### Task goal
From the line containing "take pics of" down to the line containing "Leichte Jacke mit", copy out the entries below exactly, both lines included, and nothing else; pictures do not belong in the copy.

====== Provided data ======

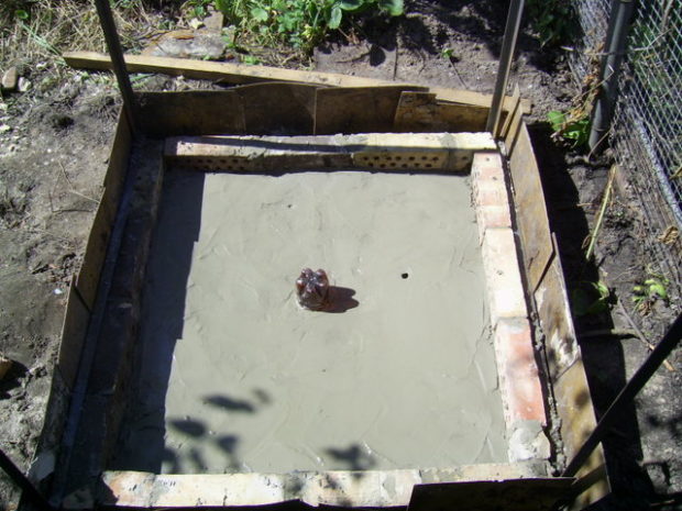 - Une fois le cadre assemblé, une fosse de la taille requise est creusée. La terre végétale est retirée à une profondeur de 10 à 15 cm, la chape en béton est nivelée et coulée. Dès que la chape est inondée et nivelée, il est nécessaire d'installer le cadre assemblé sur le dessus afin que les racks, qui étaient à l'origine plus longs, soient immergés dans béton. Le niveau vérifie la verticalité de la structure installée et ajuste si nécessaire. Si la longueur des pieds dépasse la hauteur de la chape en béton, ils doivent être enfoncés dans le sol jusqu'à ce qu'ils soient complètement immergés.
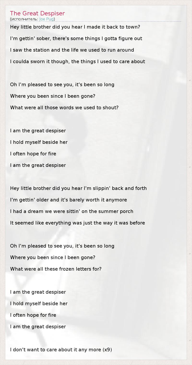 Hey little brother did you hear I made it back to town? I'm gettin' sober, there's some things I gotta figure out I saw the station and the life we used to run around I coulda sworn it though, the things I used to care about Oh I'm pleased to see you, it's been so long Where you been since I been gone? What were all those words we used to shout? I am the great despiser I hold myself beside her I often hope for fire I am the great despiser Hey little brother did you hear I'm slippin' back and forth I'm gettin' older and it's barely worth it anymore I had a dream we were sittin' on the summer porch It seemed like everything was just the way it was before Oh I'm pleased to see you, it's been so long Where you been since I been gone? What were all these frozen letters for? I am the great despiser I hold myself beside her I often hope for fire I am the great despiser I don't want to care about it any more (x9)
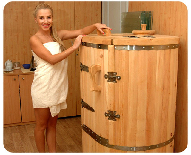 Фитобочки для бани Кедровые бочки – это фитобочки для бани, они являются особым методом, который основан на целебном воздействии насыщенного целебным концентратом трав пара и лечебного настоя. Эта деревянная бочка – своего рода мини-сауна, в ней тело человека хорошо прогревается благодаря высокой температуре, при этом голова остается снаружи. Организм человека – саморегулирующаяся система, способная приспосабливаться к разным условиям, однако, такой ресурс не бесконечен и его нужно периодически оздоравливать, поддерживать и подкреплять. Современные люди ведут активный образ жизни, полной стрессовых ситуации, они достаточно редко бывают на свежем воздухе, мало двигаются, питаются несбалансированно, имеют много вредных привычек. Все это отрицательно сказывается на здоровье и даже способно подорвать достаточно сильное. Но, к счастью, сама природа подсказывает и помогает эффективно справиться с этой проблемой. Одно из средств – процедуры в фитобочке. Фитобочки для бани из кедра Фитобочки делают из алтайского или сибирского кедра. Эта древесина выделяет фитонциды – особые вещества, обладающие биологически активными и обеззараживающими свойствами. Они позволяют излечить такие недуги, как головные боли, стрессы, заболевания органов дыхания. Полезные вещества из кедра лучше выделяются при высокой температуре. Бочки делаются по разным технологиям, они могут быть цельными, то есть, их выдалбливают из широкой части ствола дерева. Еще один способ – бревна раскалывают на клепки, такая технология называется колотой, изделие получается мало подверженным поражению грибкам и влаге. Также бочки производят бондари из высушенных кедровых досок, которые скрепляют обручами. Возможно еще изготовление по столярной технологии из досок с применением клея и разных крепежных материалов. В этом случае получается квадратная бочка, собираемая из клееных щитов, как деревянная мебель. Процедура Банная процедура в фитобочке выглядит так. Человека помещают в бочку, чтобы вне действия горячего пара находилась только голова. Сеанс длится пятнадцать минут, в его процессе тело подвергается воздействию пара. Сосуды головного мозга, при этом, не получают нагрузки, как и дыхательные пути. В то же время, кровеносные сосуды при высокой температуре расширяются, кровоснабжение кожи улучшается, усиливаются обменные процессы, воздействию подвергаются суставы, все внутренние органы, мышцы. При этом, выделяется углекислый газ, лучше усваивается кислород, человек начинает активно потеть. Это позволяет вывести из организма через поры кожи шлаки, токсины и продукты обмена веществ. То есть, в сущности, организм усиленно оздоравливается и обновляется на клеточном уровне. Сердце и дыхание никакой усиленной нагрузки не получают, потому что голова находится снаружи, парильщик дышит обычным, свежим воздухом. Потому у процедуры, получаемой посредством кедровой бочки, противопоказаний меньше, чем у сауны и русской бани. Еще больший эффект получится, если после нее сделать массаж. Совмещенная с ним спа процедура дает отличный результат для похудения. Польза и противопоказания Фитобочки для бани позволяют получить полезные паровые процедуры, которые приводят к таким результатам: очищает организм от токсинов, шлаков, продуктов обмена; лечит синдром хроническ
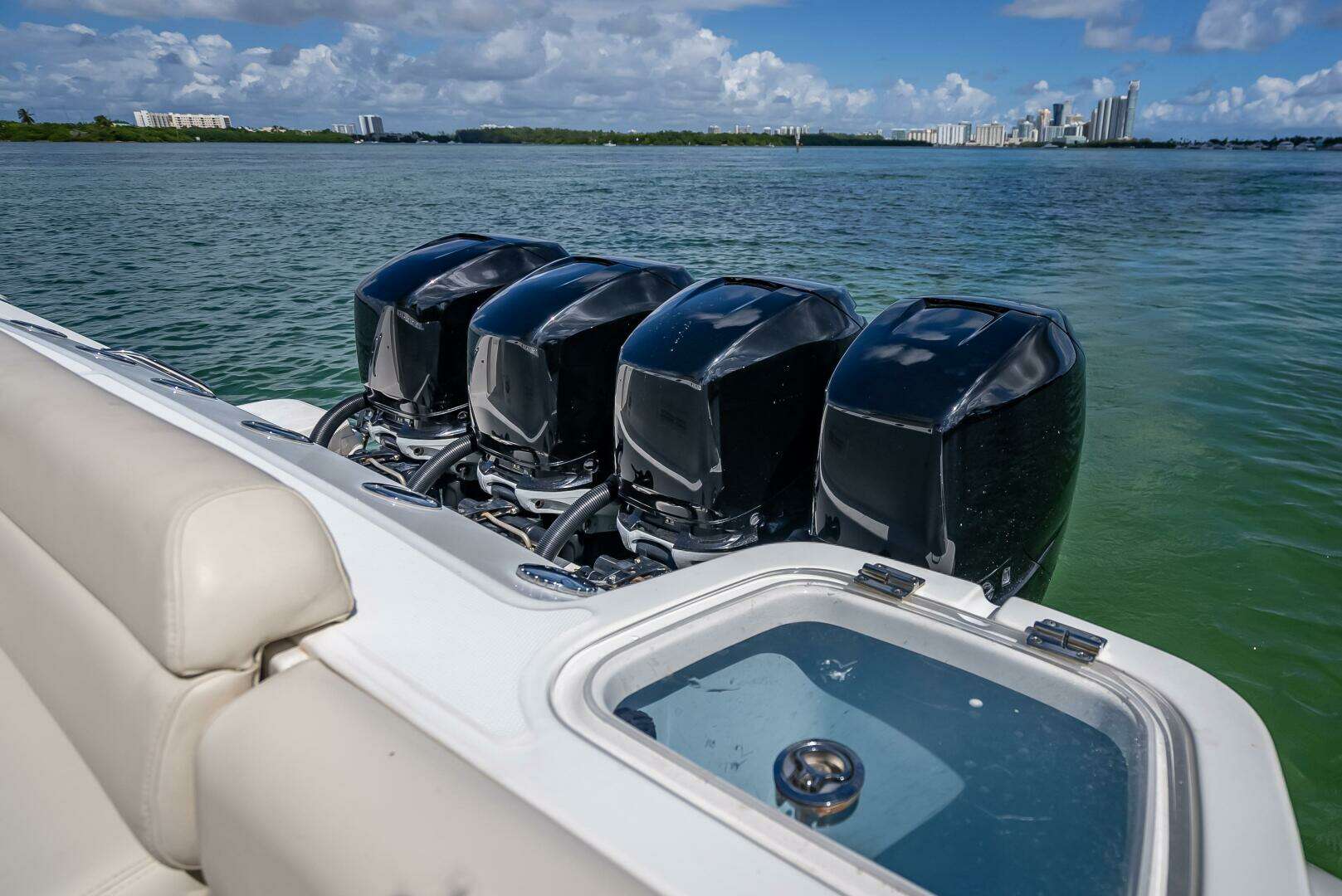 Equipped with quad Mercury 350 Verado engines, this remarkable boat ensures a smooth and exhilarating ride. Glide effortlessly through the waves, feeling the rush of adrenaline as the engines propel you forward. With this incredible power, you're sure to reach your destination with impressive speed and efficiency.
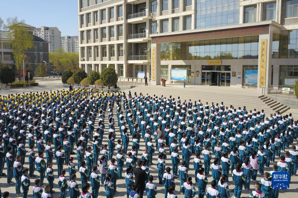 4月14日,在張掖市甘州區大成學(xué)校,學(xué)生們參加全民國家安全教育日國旗下演講(無(wú)人機照片)。
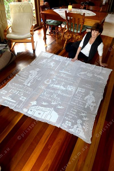 take pics of Babara. She is the great granddaughter of a mum who knitted five quilts after her sons left for war. She has one that is in mint condition. Get pics of her wrapped up in it, ect.
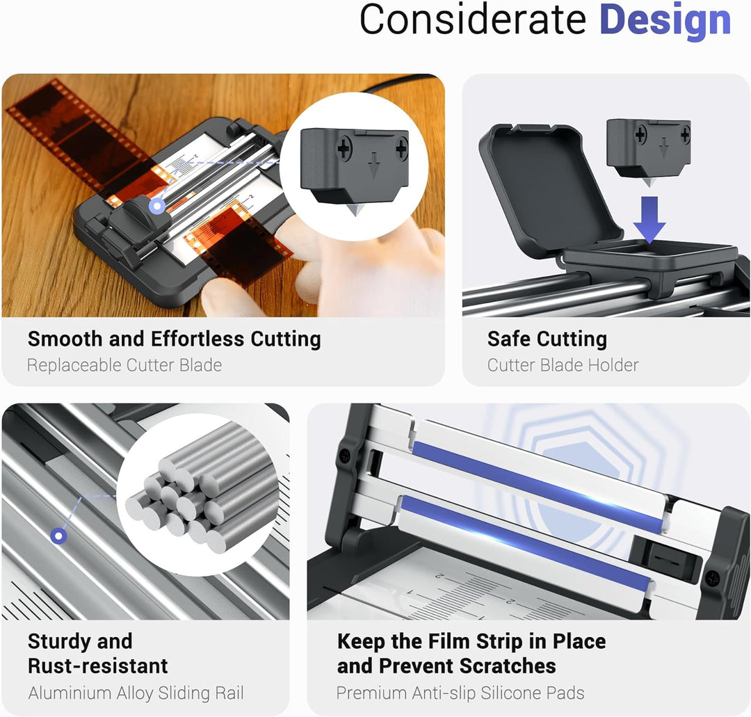 • 【Keine Kratzer Negativ】Die Kontaktfläche zwischen der Gleitschiene und der hintergrundbeleuchteten Platte ist mit hochwertigen Silikonpads ausgestattet, die den Filmstreifen fest an Ort und Stelle halten und ihn vor Kratzern schützen. Die
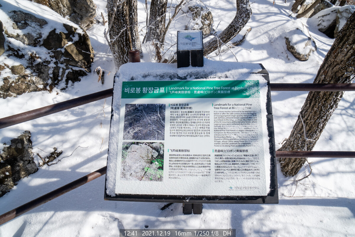 '황장금표(黃腸禁標)'는 황장목(질 좋은 금강송) 보호를 위하여 일반인의 무단 벌목을 금지한다는 내용의 방(榜)이다. 치악산에는 3개가 있는데, 구룡사와 새재 마을 입구, 그리고 여기 비로봉 가는 길에 있다.
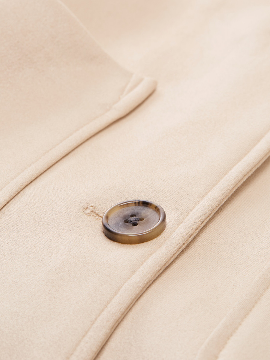 Leichte Jacke mit Kragen, Knopfleiste und aufgesetzten Taschen. Ideal als Übergangsjacke aus einem weichen, knitterarmen Fake-Wildleder.Lief.-Art-Nr: 1050125
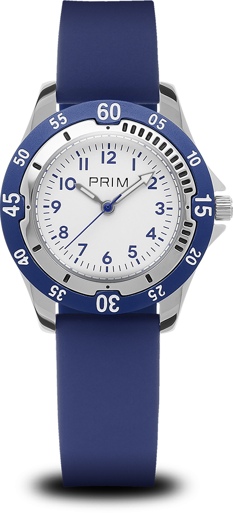 Tým grafiků se nechal inspirovat čitelným a lehce rozpoznatelným ciferníkem s arabskými číslicemi v barvách kroužku a doplnil model barevnými ručičkami. Zvolili jsme také pestré barvy, ze kterých si vybere každý školák a naučí se tak rozpoznávat čas na svých prvních PRIM hodinkách. Praktické je také zobrazení minut na fixním okruží, které pomohou rozpoznat čas. Hodinky jsou kompletně vyrobeny z nerezové oceli 316L a s voděodolností 10 ATM. Celkový vzhled doplňuje barevný příjemný silikonový řemínek.

======

### Output for this task
 take pics of Babara. She is the great granddaughter of a mum who knitted five quilts after her sons left for war. She has one that is in mint condition. Get pics of her wrapped up in it, ect.
 • 【Keine Kratzer Negativ】Die Kontaktfläche zwischen der Gleitschiene und der hintergrundbeleuchteten Platte ist mit hochwertigen Silikonpads ausgestattet, die den Filmstreifen fest an Ort und Stelle halten und ihn vor Kratzern schützen. Die
 '황장금표(黃腸禁標)'는 황장목(질 좋은 금강송) 보호를 위하여 일반인의 무단 벌목을 금지한다는 내용의 방(榜)이다. 치악산에는 3개가 있는데, 구룡사와 새재 마을 입구, 그리고 여기 비로봉 가는 길에 있다.
 Leichte Jacke mit Kragen, Knopfleiste und aufgesetzten Taschen. Ideal als Übergangsjacke aus einem weichen, knitterarmen Fake-Wildleder.Lief.-Art-Nr: 1050125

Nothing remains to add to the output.